William Hooke

American Meteorological Society

William Hooke is associate executive director of the American Meteorological Society (AMS) and a senior policy fellow since 2000. He has published on atmospheric wave dynamics, remote sensing, and natural hazards science and policy. Hooke worked at the National Oceanic and Atmospheric Administration (NOAA) from 1967-2000, in a series of research and management positions, including deputy chief scientist and acting chief scientist. He served as senior scientist to then commerce secretary William Daley. Between 1993 and 2000, Hooke chaired the U.S. interagency subcommittee for natural disaster reduction, operated out of the White House. He is a member of the International Council for Science planning group on natural and human-induced environmental hazards and disasters (2006-2008) and integrated research on disaster risk scientific steering committee (2008-2009).
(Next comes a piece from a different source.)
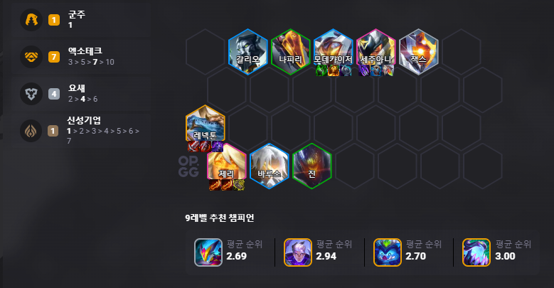 초반 빌드업은 엑소스트 3,5,7렙 베이스에 요새 챔피언 넣어주면 됩니다.(2성 붙은 다른 챔도 가능)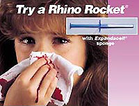 - The compressed foam is in a plastic syringe to protect it from moisture and to aid in insertion. When in place and in contact with moisture, the material swells to 6 times its compressed diameter. The X-large Rhino Rocket and Super Pak are designed for posterior bleeds. Unique applicator minimizes blood containment concerns. Used in the control and management of epistaxis of any type including bleeding after nasal and sinus surgery. The Rhino Rocket is a compressed medical grade sponge that is designed to give gentle but firm compression to the nasal mucosa.

Hooke was elected a member of the American Philosophical Society in 2006, a national associate of the National Academy of Sciences/National Research Council (NAS/NRC) in 2008, and a fellow of the American Association for the Advancement of Science in 2015. In 2014, he received the AMS Joanne Simpson Mentorship Award. He received a bachelor's in physics at Swarthmore College (1964) (honors), a master's at the University of Chicago (1966), and a PhD in geophysical sciences at the University of Chicago (1967).

Hooke has served on many hazards focused teams for the National Academy of Sciences, including being a member of the NRC advisory council on the International Decade for Natural Hazards Reduction (which became the International Decade for Natural Disaster Reduction) (1987), chair of the NAS/NRC disasters roundtable (2003-2009), chair of the committee on private-public collaboration to build community disaster resilience (2009-2010), and co-chair (with Ann Bostrom) for the committee on advancing social and behavioral science research and application within the weather enterprise (2016-present). NAS/NRC reports include Public Health Risks of Disasters (National Academies Press, 2004) and Building Community Disaster Resilience through Private-Public Collaboration (NAS/NRC, 2010).